Feb
26
Written by:
Michael Washington
2/26/2017 5:17 PM
You can use Azure Webjobs to convert PDF files to multipage Tiff files.
This sample project allows you to put a .pdf file in Microsoft Azure Storage (this can be done programmatically or using the Microsoft Azure Storage Explorer).
Enter a message in Azure Queue Storage with the name of the file to process.
You can then go into the Azure Portal, select the Azure Web App, select WebJobs, select the WebJob, then select Logs…
See that the WebJob was invoked and was successful.
We then click on the log entry to see the details.
Clicking Toggle Output on the detail page reveals the log entries created by the code.
When we look in the output folder in Azure Storage we see the converted multi-page Tiff file that we can download and open.
Using The Sample Code
You can download the project from the downloads page on this site.
When you open it up in Visual Studio 2015 (or higher) you will see that the Ghostscript assemblies are missing (the license does not allow them to be distributed).
Download the GhostScript 32 bit and 64 bit assemblies from this link.
(the version needed at runtime will change based on the server the code is running on).
After you run the installer, the assemblies that you need will be at the following locations:
- C:\Program Files (x86)\gs\gs9.20\bin\gsdll32.dll
- C:\Program Files\gs\gs9.20\bin\gsdll64.dll
Copy and paste the files into the root directory of the Visual Studio project.
Note that they are both set to “Copy always”.
This is what allows them to be pushed to the Azure server, and to end up in the correct place, when you publish the project (shown in the later step).
Azure Storage Account
You will need an Azure Storage Account.
Follow the directions at this link to create one (if you don’t already have one).

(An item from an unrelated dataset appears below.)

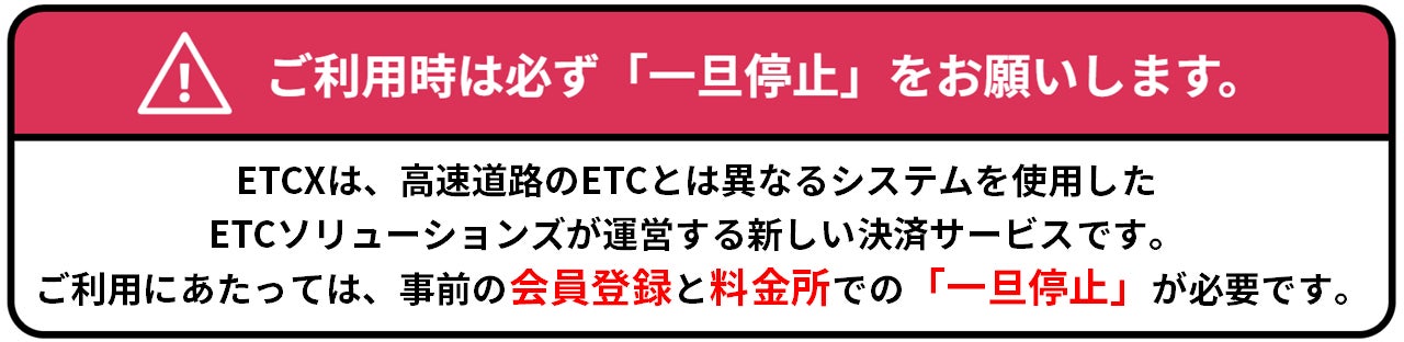 ETCカードとクレジットカードを用いて、予め『ETCX』に会員登録を行ったのち、会員登録したETCカードを車載器に挿入することで、高速道路以外の有料道路、ガソリンスタンドなど、『ETCX』ロゴマークが掲示してある施設・店舗で車に乗ったまま、利用料金や買い物代金をお支払いすることができます。

After creating the account, you will need the Azure Storage Account Name and the AccountKey.
See this link for directions on how to retrieve them.
You will also need to use the Microsoft Azure Storage Explorer to create the following Blob Containers and Queues:
- Blobs
- pdf-conversion-input
- pdf-conversion-output
- Queues
Update The Settings
Now return to the Solution in Visual Studio, open the App.config, and update the Azure Storage Account Name and the AccountKey.
(this is in three places and use the same values in all three places)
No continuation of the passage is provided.